Protestant-Appellant,

v.                                                                                                         No. A-1-CA-37539

NEW MEXICO TAXATION AND
REVENUE DEPARTMENT,

Respondent-Appellee.

IN THE MATTER OF THE PROTEST
TO ASSESSMENT ISSUE UNDER
LETTER ID NO. L1659639360

APPEAL FROM THE ADMINISTRATIVE HEARINGS OFFICE
Chris Romero, Hearing Officer

Ahr Law Offices, P.C.
Lewis J. Terr
Albuquerque, NM

for Appellant

Hector H. Balderas, Attorney General
Peter Breen, Special Assistant Attorney General
Santa Fe, NM

for Appellee

MEMORANDUM OPINION

M. ZAMORA, Chief Judge.

{1}       Protestant JTC, Inc. appeals from the decision by the Taxation & Revenue Administrative Hearings Office on Protestant’s letter of protest. [6 RP 501-29] This Court issued a notice of proposed disposition, proposing to summarily dismiss for the lack of a notice of appeal. Protestant filed a memorandum in opposition and an unopposed motion for a retroactive extension of time to file the notice of appeal, which we have duly considered. Unpersuaded, we deny Protestant’s motion and dismiss the appeal.

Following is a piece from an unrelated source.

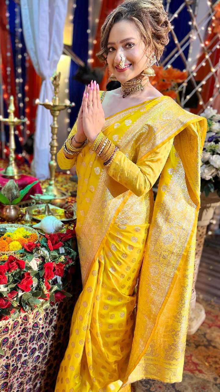 इन दिनों रफल साड़ी खूब ट्रेंड में है। रफल साड़ियां लुक को शानदार बना देती हैं। आप भी इस तरह की साड़ी हल्दी सेरेमनी के लिए चुन सकती हैं।

{2}       In this Court’s calendar notice, we proposed to dismiss based on the lack of a notice of appeal. Upon our review, it appeared that Protestant never filed a notice of appeal with this Court, which is required to perfect an appeal to this Court from an administrative agency. NMSA 1978, § 7-1-25 (2015); Rule 12-601(A), (B) NMRA. [CN 2] We suggested that, without the notice of appeal, the mandatory precondition for our jurisdiction had not been met, and we should not exercise jurisdiction over this appeal. See Govich v. N. Am. Sys., Inc., 1991-NMSC-061, ¶ 12, 112 N.M. 226, 814 P.2d 94 (explaining that time and place of filing notice of appeal is a mandatory precondition to appellate jurisdiction). [CN 3]

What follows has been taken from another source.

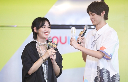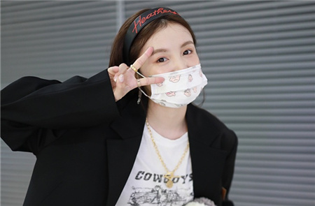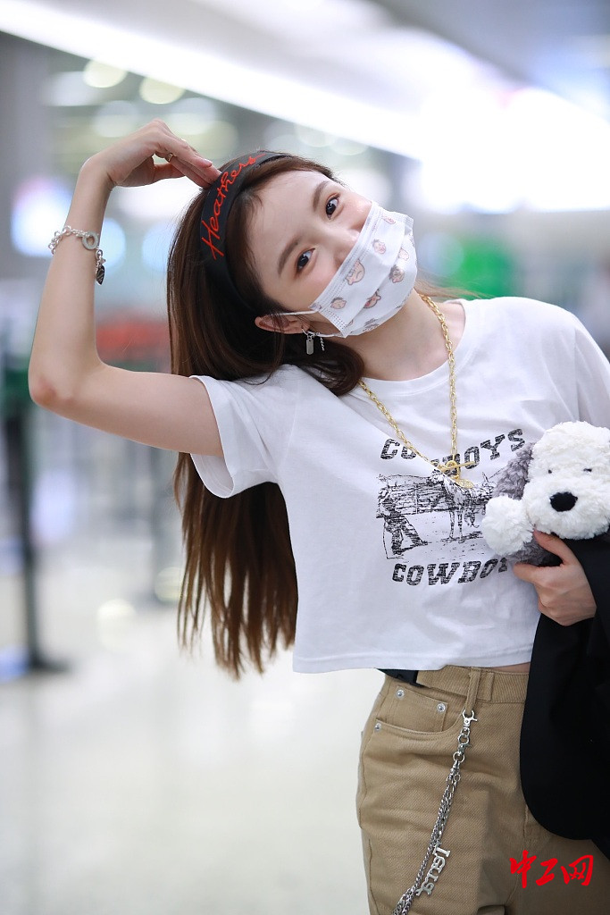 2020年08月12日,上海,林小宅现身机场,她口罩遮面比“V”卖萌,头戴发箍长发披肩,身穿白T恤搭配休闲长裤,挥手致谢送机粉丝。签约供稿人/视觉中国

{3}       In the memorandum in opposition and the motion for a retroactive extension of time, Protestant concedes that it did not file a notice of appeal in the Court of Appeals, and states that it was an “inadvertent error” or a “clerical mistake” by counsel, but asks this Court to ignore the defect and accept the appeal anyway. [MIO 1; Motion] It is incumbent on this Court to ascertain whether it is appropriate to exercise jurisdiction in a given case. Smith v. City of Santa Fe, 2007-NMSC-055, ¶ 10, 142 N.M. 786, 171 P.3d 300 (“[I]t is incumbent upon the appellate court to raise jurisdiction questions sua sponte when the Court notices them.”) “Determining whether [an] appeal was timely involves the interpretation of court rules, which we review de novo.” Grygorwicz v. Trujillo, 2009-NMSC-009, ¶ 7, 145 N.M. 650, 203 P.3d 865. Appellate requirements for time and place of filing should be termed “mandatory” rather than “jurisdictional,” and an appellate court has discretion to hear an appeal if a party has failed to comply with such mandatory preconditions. See Govich, 1991-NMSC-061, ¶ 12. However, “[o]nly the most unusual circumstances beyond the control of the parties—such as error on the part of the court—will warrant overlooking procedural defects.” Santa Fe Pac. Trust, Inc. v. City of Albuquerque, 2012-NMSC-028, ¶ 23, 285 P.3d 595 (internal quotation marks and citation omitted).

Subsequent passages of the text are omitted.